Enter Seattle-based biotech startup Pembient. They’re trying to solve half the rhinos’ problems by literally making rhino horns so dirt-cheap no poacher worth his salt will bother with them. Their idea is to bio-fabricate fake horns out of keratin, a protein organisms use when strength and flexibility are required. It makes up stuff like fingernails and hooves, hair or fur, horns, and claws. By 3D printing keratin, Pembient hopes to manufacture fake horns that are identical on a “macroscopic, microscopic, and molecular” level to the real ones, according to its CEO and co-founder Matthew Markus.
The scheme isn’t ready to go right now. Once the fabricated horns are up to scratch and market-ready, however, they’ll feel so real that it will be “impossible” to distinguish them from natural horns, Markus told Business Insider. They’ll then be injected into the Asian carvers’ supply chain through various sources masquerading as honest poachers trying to get by. In the end, nobody will know whether they’re buying real or fake.
In effect, Pembient plans to flood illegal markets with super-cheap, rhino-friendly, counterfeit horns. Because they’re manufactured in bulk in a plant, the fakes will be much cheaper and could be sold for significantly less than the real horns. Over time, since people won’t be able to tell the two apart, this unfair competition will bring prices down, sending poachers looking for new employment.
“If you cordon rhino horn off, you create this prohibition mindset,” Markus said. “And that engenders crime, corruption, and everything else that comes with a black market.”

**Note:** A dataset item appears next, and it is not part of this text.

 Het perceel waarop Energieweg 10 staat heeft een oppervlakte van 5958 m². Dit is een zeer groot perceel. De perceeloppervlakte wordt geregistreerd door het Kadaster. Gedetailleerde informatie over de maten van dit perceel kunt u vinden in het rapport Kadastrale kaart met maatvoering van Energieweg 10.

It’s an interesting strategy, and radically different from traditional approaches used by conservationists. Bringing down demand for horns isn’t feasible, Markus thinks, adding that “it’s not really ethical either.” Instead, Pembient plans to increase supply so much that it would be impossible to turn a profit from poaching rhinos.
“These practices are based on thousands of years of cultural tradition — they’re a lot older than Thanksgiving,” he added, reffering to the traditional practices that maintain the rhino horn trade.

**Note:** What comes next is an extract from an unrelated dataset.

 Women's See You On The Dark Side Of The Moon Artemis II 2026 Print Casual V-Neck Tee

“We can’t just tell them to stop.”
There are some concerns leveled at the startup, however. In particular, International Rhino Foundation and Save The Rhino International, two NGOs working on rhino conservation, have raised concerns regarding the plans’ efficacy, pointing out that the black market is already swamped in fake horns and prices are still incredibly high.
“More than 90% of ‘rhino horns’ in circulation are fake (mostly carved from buffalo horn or wood), but poaching rates continue to rise annually,” the organizations wrote in a joint statement.
The two also argued that synthetic horns will divert attention from the “real problem,” which is to end rhino poaching.
Still, rhinos are running out of time as well as numbers, and as we’ve seen earlier, poaching has picked up in recent years. Markus agrees that Pembient’s approach is fundamentally different than current conservation efforts, but thinks his approach could help finally end poaching for good.
Personally, I’d like to think that while people may want the horns, nobody explicitly wants to kill rhinos. Tradition is a central pillar of many people’s lives, but I’d advocate for compromise. After all, traditionally, most people would work in the field and eek out a pretty bleak livelihood before an untimely end at the hands of dysentery some other, equally-jolly way to die horribly. A state of affairs which, I’m sure we can all agree, is best left in the past. So I’d really like to see Pembient succeed at their goal — for “restore-faith-in-humanity” points, if nothing else.
A “prevention and treatment” approach has shown efficacy in addressing drug abuse, so it might work for rhino horn trade as well. Time will tell. In August, the company introduced a novel cryptocurrency program, the “Pembicoin” to fund their research and development. Each coin will be redeemable for one gram of bio-fabricated rhino horn once they become available, in 2022, according to the company’s website.
If Pembient’s approach proves efficient, it could pave the way for synthetic ivory to combat elephant poaching in the future.